Thursday, December 28, 2006

The Power of Myth I

In a recent post I reviewed a book on the defeat of Reconstruction and, collaterally, the way our historians bastardized the past with myths about what happened, giving the battle for our history over to forces that epitomize the evil in our national character. It's horrifying but fascinating to see it in retrospective; it's worse to see the incorrect and warping recitation happening before your eyes. But here's the Christian Science Monitor, one of our best newspapers, this morning with commentaries on recent deaths proclaiming Ford "reconciler in chief" and Milton Friedman "objective scientist first." Please, please, please.
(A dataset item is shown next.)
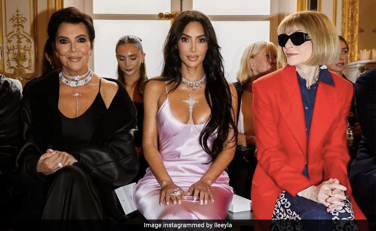 Kris Jenner is the backbone of the Kardashian-Jenner "klan" even on the fashion front. To supermodel Kendall Jenner, mother Kris Jenner and sister Kim Kardashian occupied front-row seats at Victoria Beckham's show at Paris Fashion Week 2023. Even on a regular day, Kim and Kris are the best-dressed women so they were bound to outdo their usual selves at the fashion show. Even though the mother-daughter duo picked slip dresses, the pair maximised the front-row view with their own unique versions of the basic trend. Kim Kardashian's lilac came with spaghetti straps and a plunging neckline. Kris Jenner also made quite an impression donning a black slip dress and layered with a black trench. But it wasn't just with their slip dresses but also with the stick-on jewels adorning their necklines that ought to make a matching moment for reality stars. They were also seen in similar diamond choker necklaces to go with the dress.
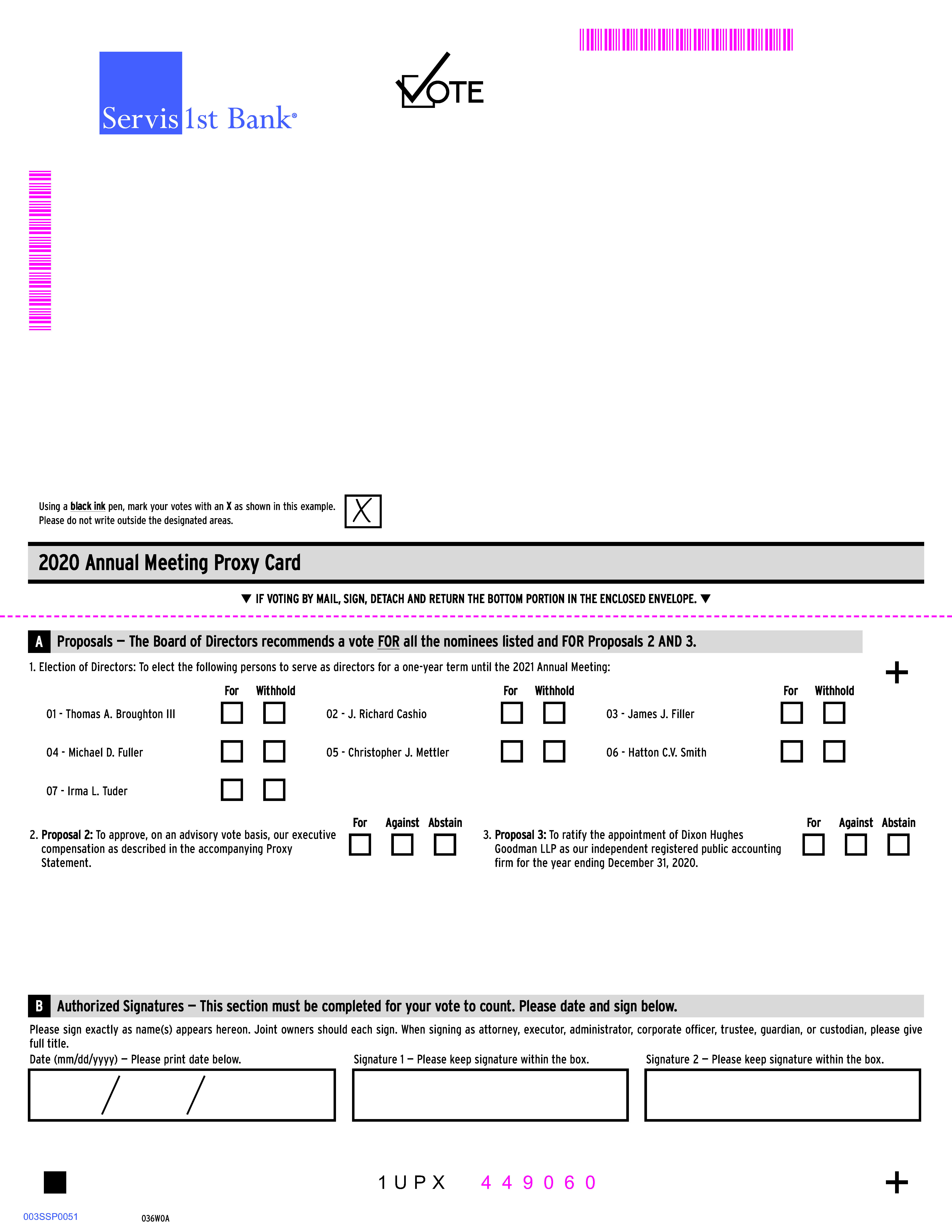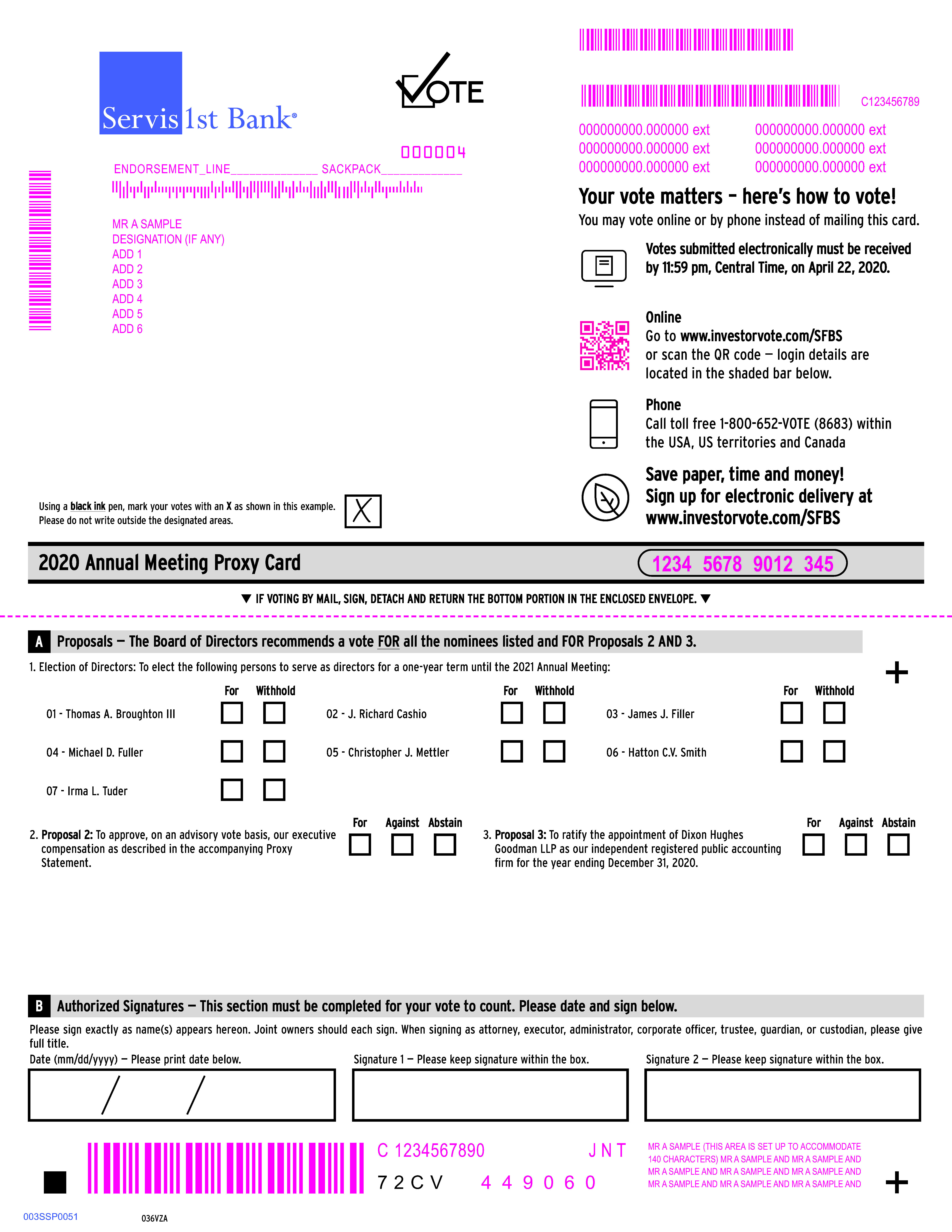 If you invest in our common stock through the company stock fund in the ServisFirst Bank 401(k) Profit Sharing Plan and Trust, you will receive instructions for submitting your voting directions from the 401(k) plan’s administrator, Lincoln Financial. The 401(k) plan’s trustees will vote shares held by the 401(k) plan in accordance with the tabulation. Any shares for which the trustees do not received timely voting directions will be voted by the trustees in proportion to the shares for which directions were actually received. To allow the trustees sufficient time to process voting directions, the voting deadline for 401(k) plan participants is 5:00 p.m., Central Time, on April 20, 2020.

Ford continued and enabled Nixon's "divide and conquer" politics, both in Congress and as President, that set the stage for Gingrich, impeachment, and everything Bushnev. He may have been a good guy (what was it that drove his wife to drink, I wonder) and held a few positions that Repubs now barf over, but his legacy will be all the links in the chain he placed to where we are now. And as for Friedman, Chile had to dump his recs before it could recover economically, he is famous for "greed is good," that well-known objective philosophy, and had bankers laughing or cursing over his claims that money supplies could actually be tightly controlled. Entire worlds are built on illusions and inability to deal with reality. They survive for a while (see Union, Soviet), but eventually they fail. Surprised about where ours is right now?